↓↓↓

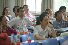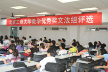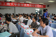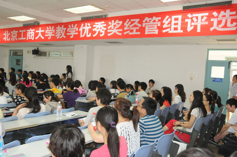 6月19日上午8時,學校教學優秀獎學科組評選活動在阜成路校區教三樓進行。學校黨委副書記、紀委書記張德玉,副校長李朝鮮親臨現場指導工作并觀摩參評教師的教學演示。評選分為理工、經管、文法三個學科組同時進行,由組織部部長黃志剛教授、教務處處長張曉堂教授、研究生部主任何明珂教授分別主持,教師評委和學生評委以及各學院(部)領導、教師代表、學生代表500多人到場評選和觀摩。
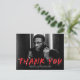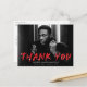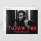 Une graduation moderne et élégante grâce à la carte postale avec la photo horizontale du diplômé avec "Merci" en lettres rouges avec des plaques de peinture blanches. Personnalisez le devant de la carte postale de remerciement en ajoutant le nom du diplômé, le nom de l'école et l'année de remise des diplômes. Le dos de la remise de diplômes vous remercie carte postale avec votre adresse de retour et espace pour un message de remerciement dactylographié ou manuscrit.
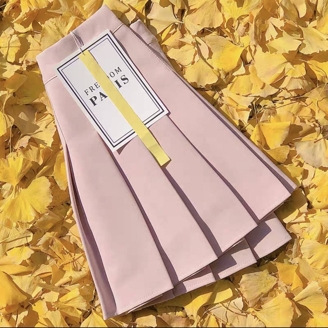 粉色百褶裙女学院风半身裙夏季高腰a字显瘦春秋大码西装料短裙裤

↑↑↑
↓↓↓

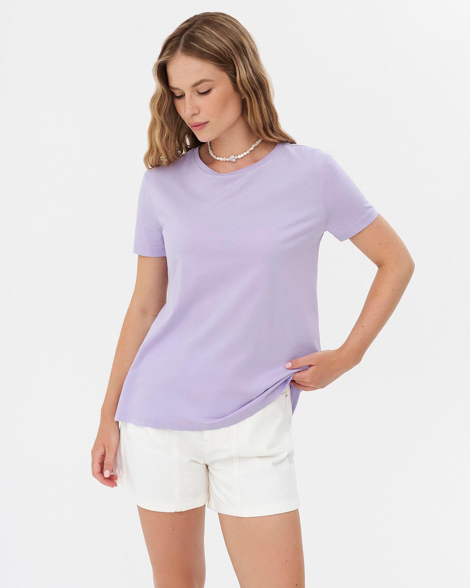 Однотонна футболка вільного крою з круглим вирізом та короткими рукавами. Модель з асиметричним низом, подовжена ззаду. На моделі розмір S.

↑↑↑

EXERCISE: Find where the line with "Une graduation moderne" sits in the material above and where the line with "粉色百褶裙女学院风半身裙夏季高腰a字显瘦春秋大码西装料短裙裤" sits. Set down exactly the lines from the first to the second, both included and nothing else, without pictures.

RESPONSE TO THIS TASK:
 Une graduation moderne et élégante grâce à la carte postale avec la photo horizontale du diplômé avec "Merci" en lettres rouges avec des plaques de peinture blanches. Personnalisez le devant de la carte postale de remerciement en ajoutant le nom du diplômé, le nom de l'école et l'année de remise des diplômes. Le dos de la remise de diplômes vous remercie carte postale avec votre adresse de retour et espace pour un message de remerciement dactylographié ou manuscrit.
 粉色百褶裙女学院风半身裙夏季高腰a字显瘦春秋大码西装料短裙裤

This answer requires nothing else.